3. 	EXIT -- iteration limit exceeded

The Iterations limit was exceeded before the required solution could be found. Check the iteration log to be sure that progress was being made. If so, restart the run using a basis file that was saved (or should have been saved!) at the end of the run.

4. 	EXIT -- QP Hessian appears to be indefinite

The problem appears to be nonconvex and cannot be solved using this version of SQOPT. The matrix H cannot be positive semidefinite, i.e., there must exist a vector y such that yT H y < 0.

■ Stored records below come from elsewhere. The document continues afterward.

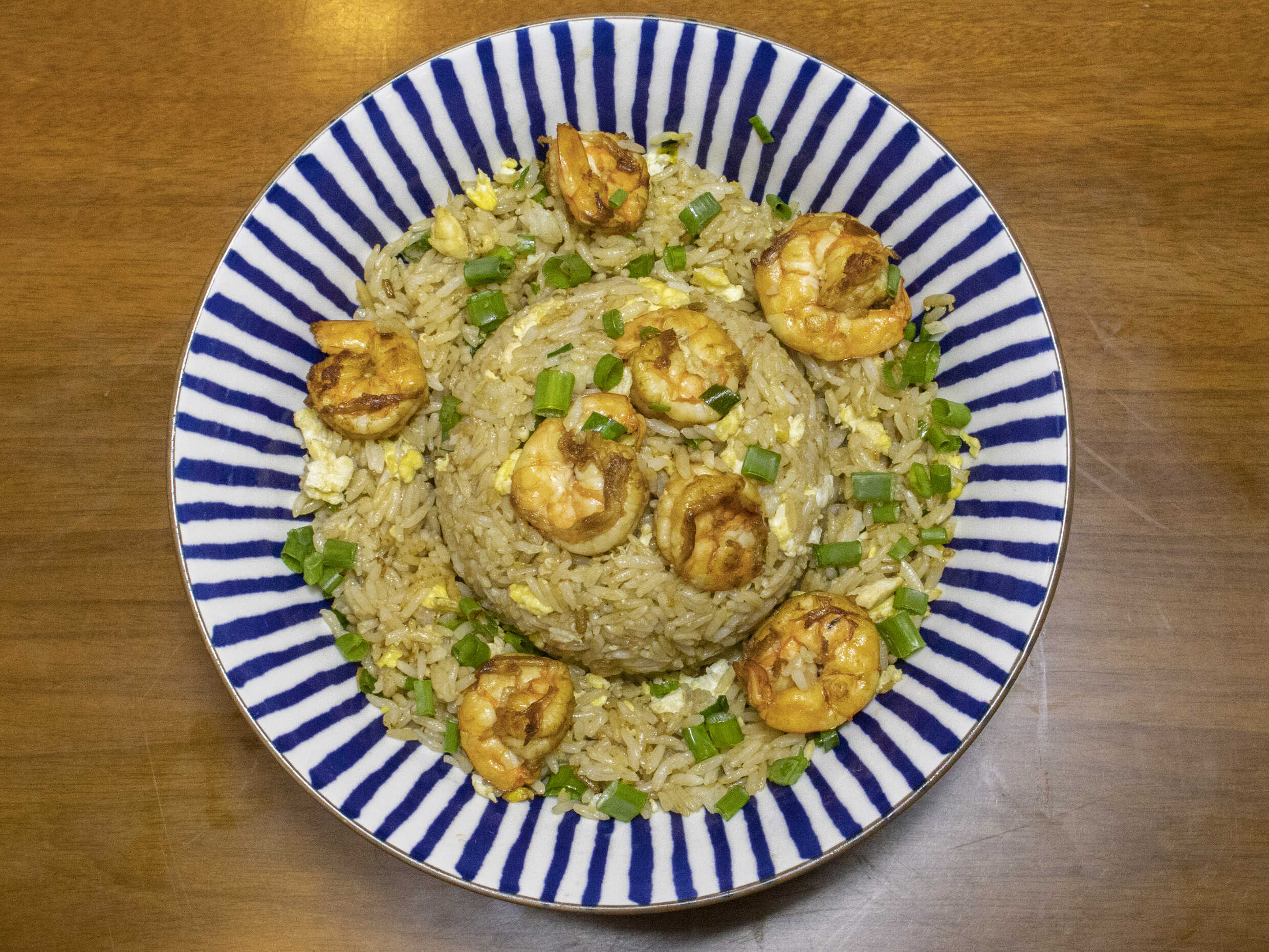 Arroz chaufa con langostinos flameados.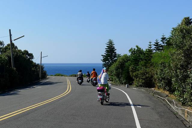 在码头边的店里取到了民宿老板田爸爸帮我们租好的电瓶车和摩托车,就浩浩荡荡往民宿开去。小琉球岛其实还是不小,沿路风光宜人,车道也修得不错,骑车环岛游是不错的选择。我爸妈和小姨不骑车,田爸爸就一路开车送他们。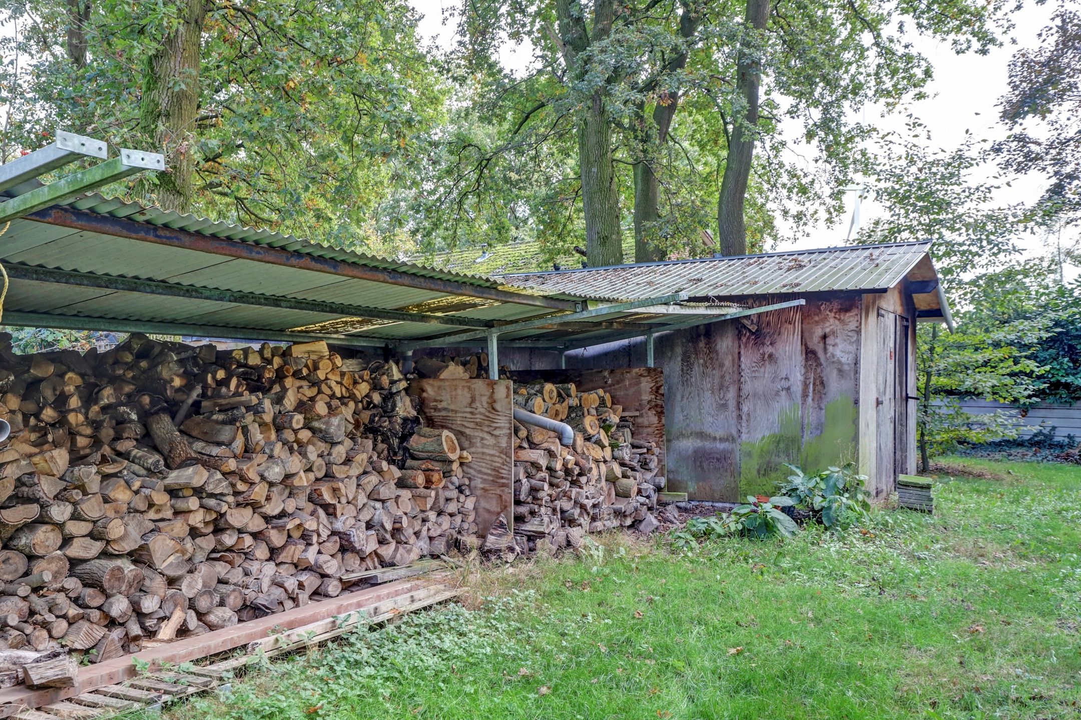In de vrijstaande stenen garage, die naast de woning ligt, heb je ruimte om een auto binnen te parkeren. Achterin de garage staat de milieuvriendelijkere pellet CV ketel met een groot voorraadvat. Deze CV ketel werkt op pelletkorrels en moet je alleen af en toe bijvullen. Naast de garage ligt nog een dubbele carport waar je twee auto’s kunt parkeren.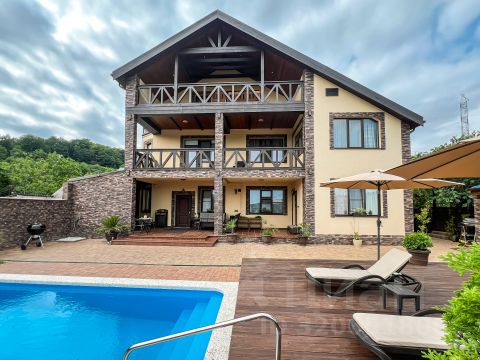 Большой коттедж 4 этажа в классическом стиле (камень-дерево), с двумя тёплыми бассейнами на территории 25 сот. в живописном, абсолютно тихом и очень зеленом месте, в 20-30 минутах езды от центра Краснодара. Своё озеро с форелью, рыбалка себе на стол.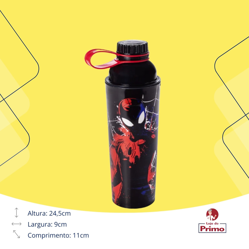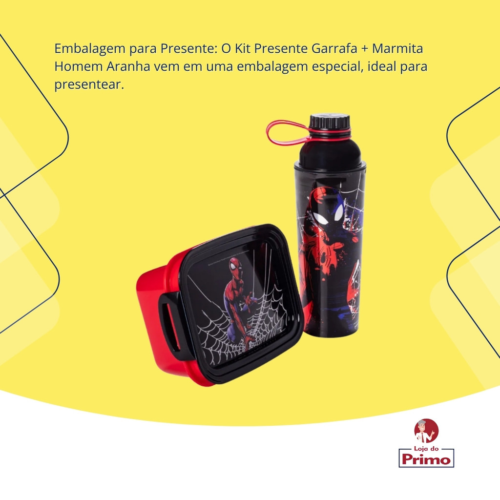 Kit Marmita 850ml e Garrafa 660ml Infantil Homem Aranha Lancheira Plasútil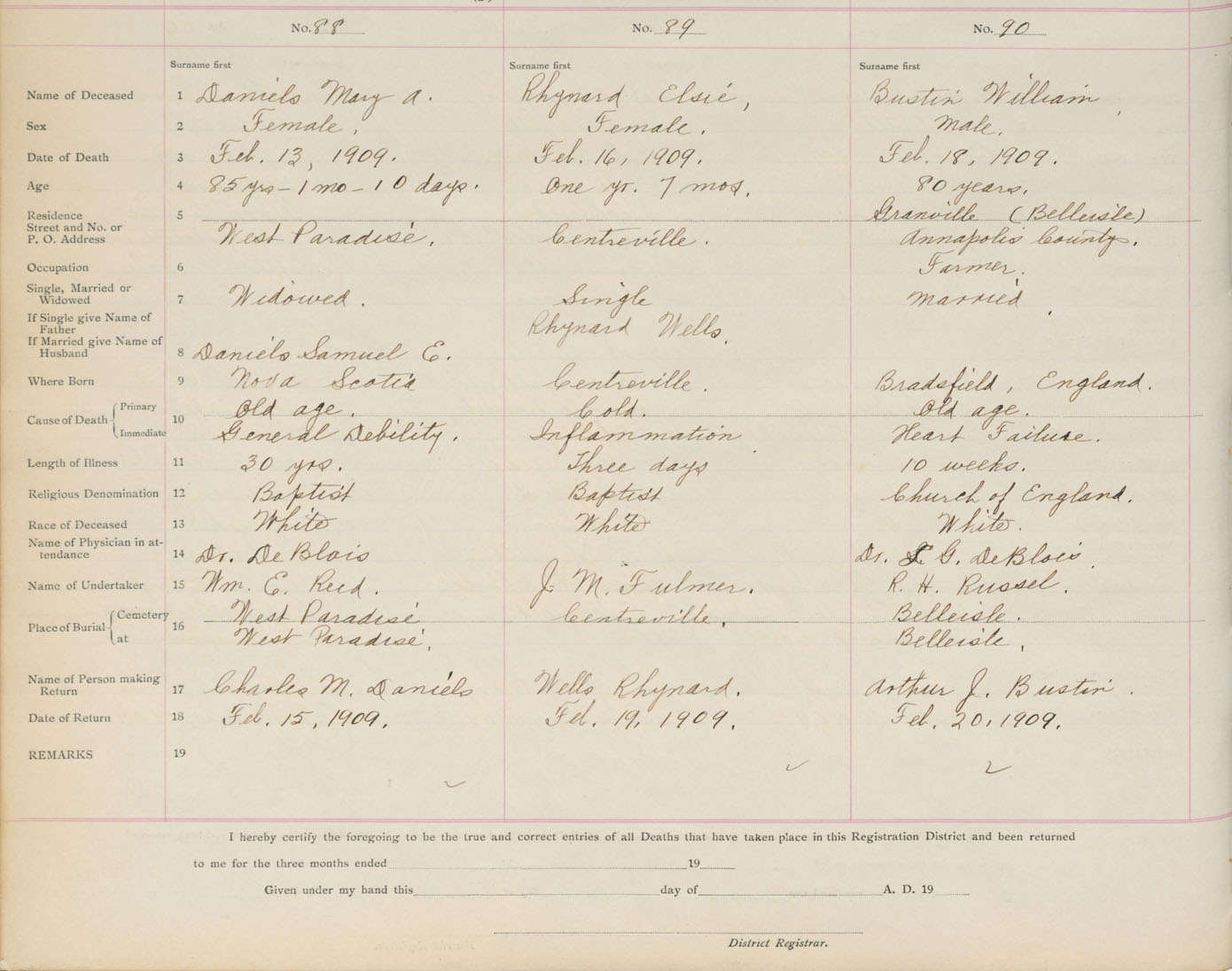 Death Registration: Year: 1909 book: 1 page: 15 number: 88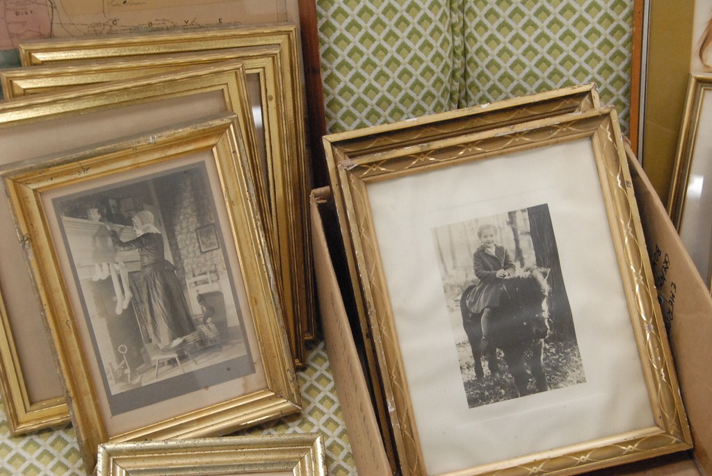 Four boxes of pictures and prints, mid century canlendars, and Bolton / Andover map.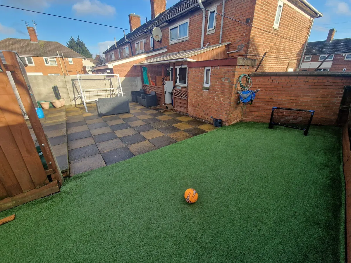 – Outdoor Space: The property boasts a beautiful private garden featuring low-maintenance astro turf grass and storage sheds. There is also a dedicated seating area perfect for BBQs. The front of the house includes an additional grass yard area.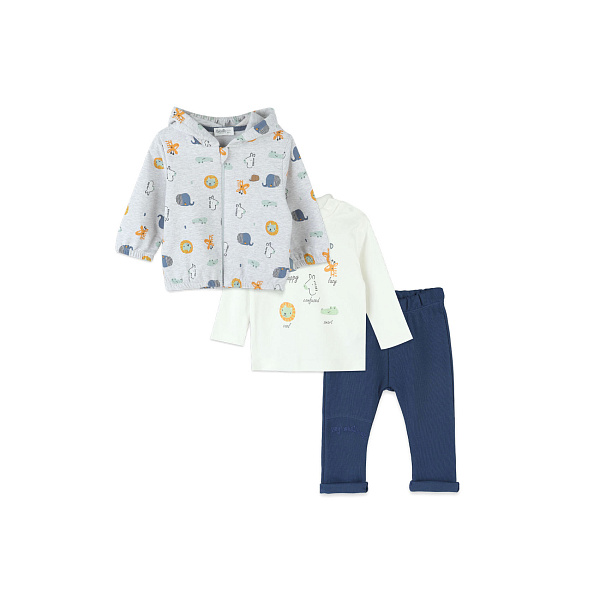 Для прогулок на улице ранней осенью или поздней весной малышам до года подойдет трикотажный комплект, состоящий из толстовки, фуфайки и брюк.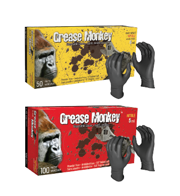 Get your hands in Grease Monkey powder-free, nitrile gloves. Choose 50-count boxes of heavy-duty 8 mil gloves with extended 11" rolled cuffs for extra wrist coverage and durability, or 100-count boxes of 5 mil gloves with 9.5" rolled cuffs for everyday use.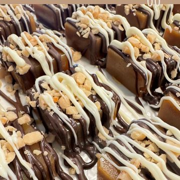 3 pieces of our Original buttery Homemade Gourmet Caramel Bite topped with chocolate and toffee bits(contains nuts)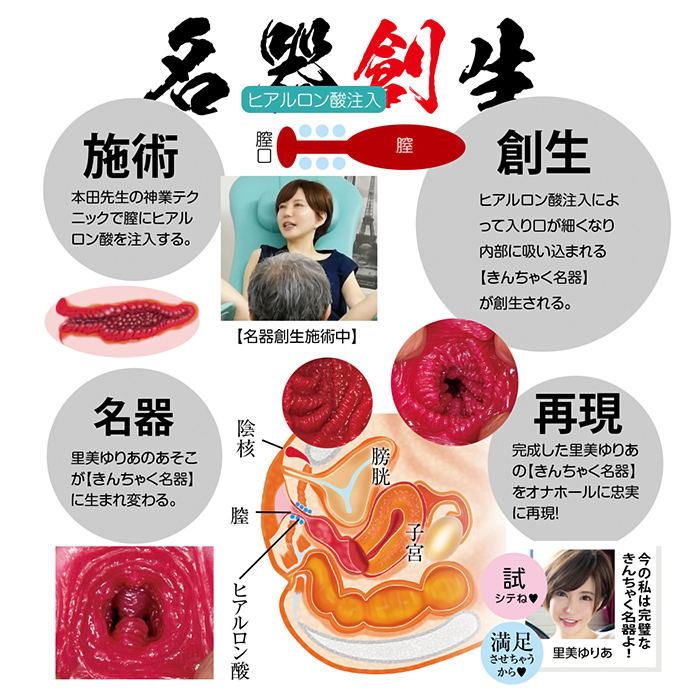 AV女優のアソコを職人が忠実に再現! 真摯に匠が名器創りに取り組んだプロジェクト。幻の【きんちゃく名器】創生。本田先生、本気(ガチ)で真摯にやってくれました。性器美容外科のカリスマ・本田ヒルズタワークリニックの総院長・本田昌毅先生の施術によって里美ゆりあのあそこは【きんちゃく名器】にアップグレード。その名器をオナホールに完全再現。10万人に1人の巾着名器。膣口から3〜4cmの場所が【きんちゃく】で絞られたように狭くなっているので挿入すると、根元をがっちり挟むかたちになるのが特徴。希少な名器ですが、本田先生の施術で膣の入り口から3〜4cmの付近にヒアルロン酸を注入することで、膣の入り口の狭い巾着状の性器をすぐに作ることができます。他では味わえない下半身整形界のカリスマとカリスマAV女優のコラボレーションで創生された巾着名器ホールの感触をぜひご堪能下さい。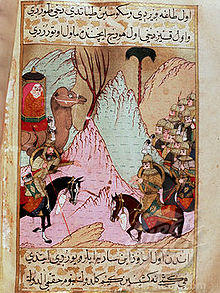 Her father, Abu Bakr, became the first caliph to succeed Muhammad, and after two years was succeeded by Umar. During the time of the third caliph Uthman, Aisha had a leading part in the opposition that grew against him, though she did not agree either with those responsible for his assassination or with the party of Ali.[15] During the reign of Ali, she wanted to avenge Uthman's death, which she attempted to do in the Battle of the Camel. She participated in the battle by giving speeches and leading troops on the back of her camel. She ended up losing the battle, but her involvement and determination left a lasting impression.[11] Because of her involvement in this battle, Shia Muslims have a generally negative view of Aisha.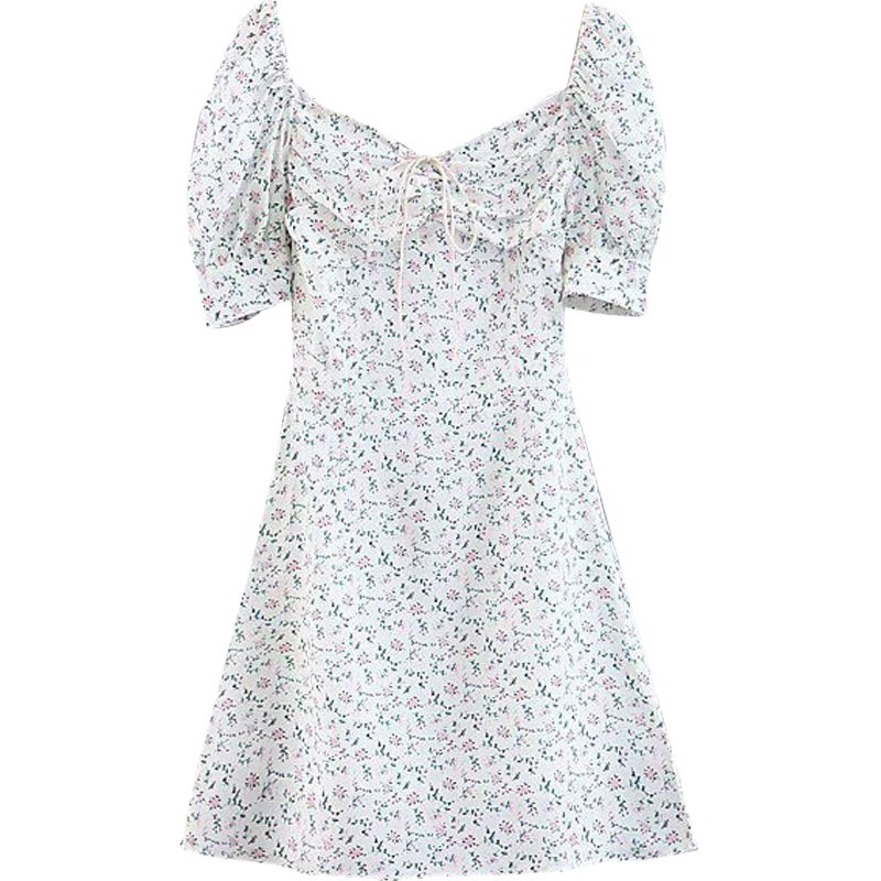 连衣裙女装夏季新款系带泡泡袖纯欲辣妹性感碎花少女包臀短裙

5. 	EXIT -- the  superbasics limit is too  small:	nnn

The problem appears to be more nonlinear than anticipated. The current set of basic and superbasic variables have been optimized as much as possible and a PRICE operation is necessary to continue, but there are already nnn superbasics (and no room for any more).

In general, raise the Superbasics limit s by a reasonable amount, bearing in mind the storage needed for the reduced Hessian. (The Hessian dimension h will also increase to s unless specified otherwise, and the associated storage will be about 1 s2 words.) In extreme cases you may have to set h < s to conserve storage, but beware that the rate of convergence will probably fall off severely.

6. 	EXIT -- weak solution  found

The final point is a weak minimizer. (The objective value is a global optimum, but it may be achieved by an infinite set of points x.)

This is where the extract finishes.